Volkswagen introduces twin dosing technology

Since 2018, Volkswagen has used selective catalytic reduction (SCR) technology in its diesel cars. SCR technology involves adding a solution of ammonia to treat exhaust gas and remove pollutants. The fluid used in most SCR systems is AdBlue, which is stored in the vehicle’s exhaust where it converts nitrogen oxide (NOx) gasses into nitrogen and water. Volkswagen has developed a new SCR system using what the company calls “twin dosing”, in which AdBlue is injected upstream of two SCR converters which are arranged in series, meaning that the NOx conversion process is repeated at a lower temperature, expanding the window for after-treatment of exhaust gases, and preventing excess ammonia slip.

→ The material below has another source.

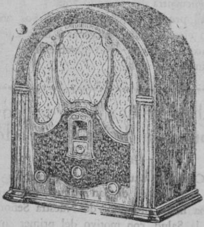
MODELO W R - 17
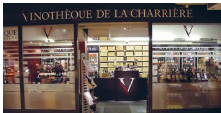
Magasin de Neuchâtel Rue de l'Hôpital 12 +41 32 724 71 51

According to Volkswagen, tests have shown that the twin dosing technology reduces NOx levels by about 80 per cent compared to previous SCR models. The company plans to introduce this technology to all models with 2.0 TDI Evo engines, like the Passat and Golf.

This technology could help the company quell consumer emissions concerns. A study conducted by Leeds University’s Institute of Transport Studies showed that the 2016 model of the Volkswagen Polo 1.4 TDI had emitted roughly the same amount of nitrogen dioxide (NO2) per kilometre as a diesel lorry. Volkswagen has been the subject of emissions controversy, following revelations in 2015 that the company had used cheating technology to pass emissions tests without reducing emissions on the road. In recent years the company has attempted to adjust its business model toward a more sustainable portfolio, investing in electric vehicle technology, reported on here, and carbon offsetting programmes for Volkswagen Group members like Porsche, reported on here.